Bharati Mukherjee’s “The Management of  Grief” is about a woman, Shaila Bhave, who lost her husband and two sons on that flight from Montreal. Throughout this story, Shaila is trying to figure out how to live without her husband and two sons. She goes to Ireland to see where it happened and to identify the ones she lost. When she is done in Ireland, Shaila and many others go back to India, reuniting with their families and holding funerals for those they lost in the attack.  Shaila ends up staying in India for a long time with her mother. When she arrives back in Toronto, her friends are moving and doing things to help them heal from the tragic accident that changed their lives forever.

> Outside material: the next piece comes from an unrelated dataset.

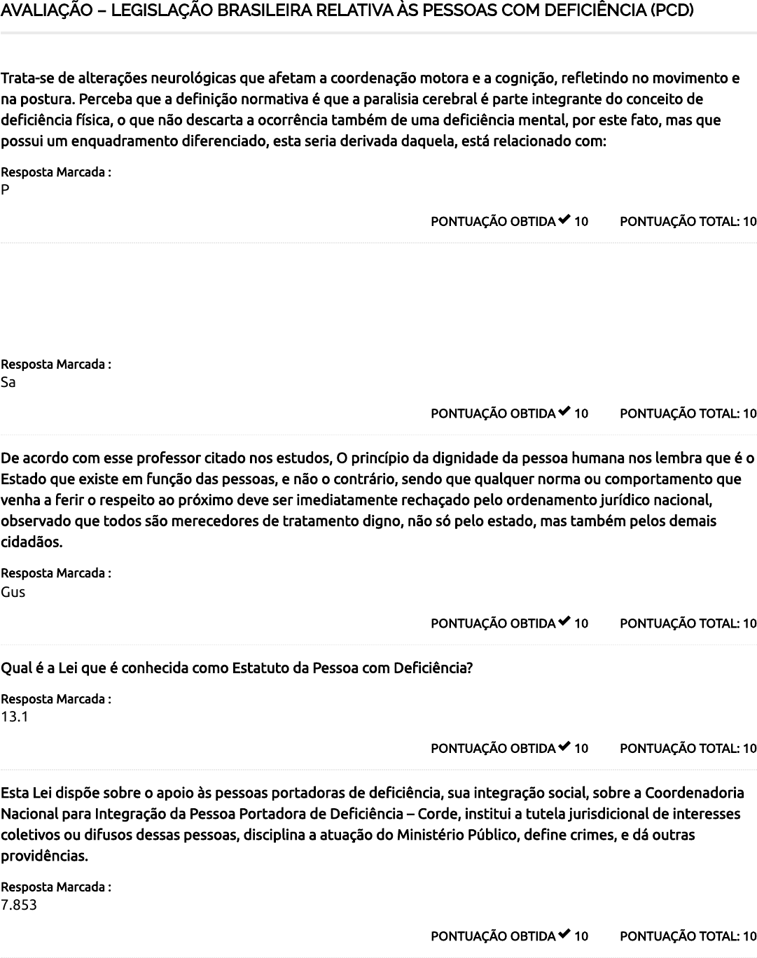 23/08/2023, 20:42 Course Status – Faculdade Educavales https://ava.educavales.universaeducacional.com.br/course-status/# 1/3 AVALIAÇÃO – LEGISLAÇÃO BRASILEIRA RELATIVA ÀS PESSOAS COM DEFICIÊNCIA (PCD) PONTUAÇÃO TOTAL: 10PONTUAÇÃO OBTIDA 10 Trata-se de alterações neurológicas que afetam a coordenação motora e a cognição, re�etindo no movimento e na postura. Perceba que a de�nição normativa é que a paralisia cerebral é parte integrante do conceito de de�ciência física, o que não descarta a ocorrência também de uma de�ciência mental, por este fato, mas que possui um enquadramento diferenciado, esta seria derivada daquela, está relacionado com: Resposta Marcada : Paralisia cerebral. TRATA-SE DA PESSOA QUE NÃO CONSEGUE COMPREENDER QUE DETERMINADOS CUIDADOS SÃO ESSENCIAIS PARA PRESERVAR SUA SAÚDE E SUA SEGURANÇA, COMO POR EXEMPLO A INCAPACIDADE DE ENTENDIMENTO QUE O FOGO QUEIMA, QUE NÃO DEVEMOS INGERIR VENENO, QUE NÃO DEVEMOS COLOCAR A MÃO E UM LOCAL QUE POSSUI A PLACA “CÃO BRAVO”, ENTRE OUTROS. PONTUAÇÃO TOTAL: 10PONTUAÇÃO OBTIDA 10 Resposta Marcada : Saúde e segurança. PONTUAÇÃO TOTAL: 10PONTUAÇÃO OBTIDA 10 De acordo com esse professor citado nos estudos, O princípio da dignidade da pessoa humana nos lembra que é o Estado que existe em função das pessoas, e não o contrário, sendo que qualquer norma ou comportamento que venha a ferir o respeito ao próximo deve ser imediatamente rechaçado pelo ordenamento jurídico nacional, observado que todos são merecedores de tratamento digno, não só pelo estado, mas também pelos demais cidadãos. Resposta Marcada : Gustavo Muzy. PONTUAÇÃO TOTAL: 10PONTUAÇÃO OBTIDA 10 Qual é a Lei que é conhecida como Estatuto da Pessoa com De�ciência? Resposta Marcada : 13.146/2015. PONTUAÇÃO TOTAL: 10PONTUAÇÃO OBTIDA 10 Esta Lei dispõe sobre o apoio às pessoas portadoras de de�ciência, sua integração social, sobre a Coordenadoria Nacional para Integração da Pessoa Portadora de De�ciência – Corde, institui a tutela jurisdicional de interesses coletivos ou difusos dessas pessoas, disciplina a atuação do Ministério Público, de�ne crimes, e dá outras providências. Resposta Marcada : 7.853/1989. 23/08/2023, 20:42 Course Status – Faculdade Educavales https://ava.educavales.universaeducacional.com.br/course-status/# 2/3 PONTUAÇÃO TOTAL: 10PONTUAÇÃO OBTIDA 10 Analise as assertivas e assinale a alternativa correta de acordo com os estudos ministrados: I. A pessoa com Mobilidade Reduzida possui di�culdade para se movimentar, di�culdade na sua locomoção, de maneira permanente, e que não se enquadra no conceito de pessoa com de�ciência, podendo ocorrer de maneira permanente ou temporária. II. A pessoa com mobilidade reduzida é aquela que possui redução efetiva na sua �exibilidade como por exemplo, doenças que afetam os ossos e articulações. III. A perda ou redução da coordenação motora também se enquadra no conceito de pessoa com mobilidade reduzida, como por exemplo, uma pessoa que está sofrendo com tremores devido ao Mal de Parkinson, ou ainda, redução efetiva da percepção, como por exemplo uma pessoa com visão subnormal que não chegue a caracterizar a de�ciência visual. IV. A lei traz expressamente alguns exemplos de pessoas de com mobilidade reduzida como o idoso, a gestante, a lactante, pessoa com criança de colo e obeso. Assinale a alternativa CORRETA: Resposta Marcada : I, II, III e IV. PONTUAÇÃO TOTAL: 10PONTUAÇÃO OBTIDA 10 Assinale V para verdadeiro e F para falso: ( ) O desenho universal é uma regra geral, as coisas devem ser concebidas levando em consideração um padrão que permita a acessibilidade, e somente na impossibilidade de o colocar em prática é que utilizaremos a adaptação razoável, lembre-se que o desenho universal é regra geral e adaptação é exceção. ( ) Por mais que seja idealizado o conceito de desenho universal, muitas barreiras se tornam quase que instransponíveis, sem os instrumentos adequados. ( ) O Decreto nº 3.298/1999 em seu artigo 19 conceitua a ajuda técnica como sendo os elementos que permitem compensar uma ou mais limitações funcionais motoras, sensoriais ou mentais da pessoa com de�ciência, com o objetivo de permitir-lhe superar as barreiras da comunicação e da mobilidade e de possibilitar sua plena inclusão social. Assinale a alternativa CORRETA: Resposta Marcada : V, V, V. 23/08/2023, 20:42 Course Status – Faculdade Educavales https://ava.educavales.universaeducacional.com.br/course-status/# 3/3 90 / 100 PONTUAÇÃO TOTAL: 10PONTUAÇÃO OBTIDA 0 De acordo com os estudos assinale a alternativa correta: I- De acordo com a Lei havendo a necessidade de avaliação da de�ciência, esta deverá ser feita com base em critérios biológicos, psicológicos e sociais. II- Em determinados casos esta avaliação completa poderá ser dispensada, como exemplo uma pessoa que tenha ausência de membro, não precisaremos de um conhecimento técnico especializado tão aprofundado para notar a situação. III- A avaliação, quando necessária, deve ser feita por uma equipe multipro�ssional, ou seja, por pro�ssionais de diversas áreas, como por exemplo, médicos, assistentes sociais, psicólogos, entre outros. Assinale a alternativa CORRETA: Resposta Marcada : Apenas I e III. PONTUAÇÃO TOTAL: 10PONTUAÇÃO OBTIDA 10 Perda parcial de movimentos em um hemisfério do corpo, para exempli�car, de maneira didática, separe o corpo humano em dois, lado esquerdo e lado direito, nesta modalidade de de�ciência a pessoa não conseguirá movimentos em um dos hemisférios, está relacionado à: Resposta Marcada : Hemiplegia. PONTUAÇÃO TOTAL: 10PONTUAÇÃO OBTIDA 10 Analise as assertivas e assinale V para verdadeiro e F para falso: ( ) Art. 3º Para �ns de aplicação desta Lei, consideram-se: IX – Pessoa com mobilidade reduzida: aquela que tenha, por qualquer motivo, di�culdade

Selling one’s house and changing jobs and cities is healthy. How do I tell Judith Templeton that my family surrounds me, and that like creatures in epics, they’ve changed shapes… I cannot tell her my days, even my nights, are thrilling. (444)

Shaila is having a hard time coping with the fact that her husband and sons are gone, but she seems to struggle the most out of all of the characters. She guards herself so that people don’t know how she feels. She never wants to live without those people in her life and it’s a difficult thing for her to do. She sells her house and moves into an apartment. She feels like she is moving on but underneath she is still hurting, trying to tell herself that they will come back.

At the end of the story, she hears something tell her, “Your time has come… Go, be brave.” (447) She listens to that and begins a journey, not knowing where it will take her. Shaila is ready to begin anew and find the happiness that she had before, wherever that may be.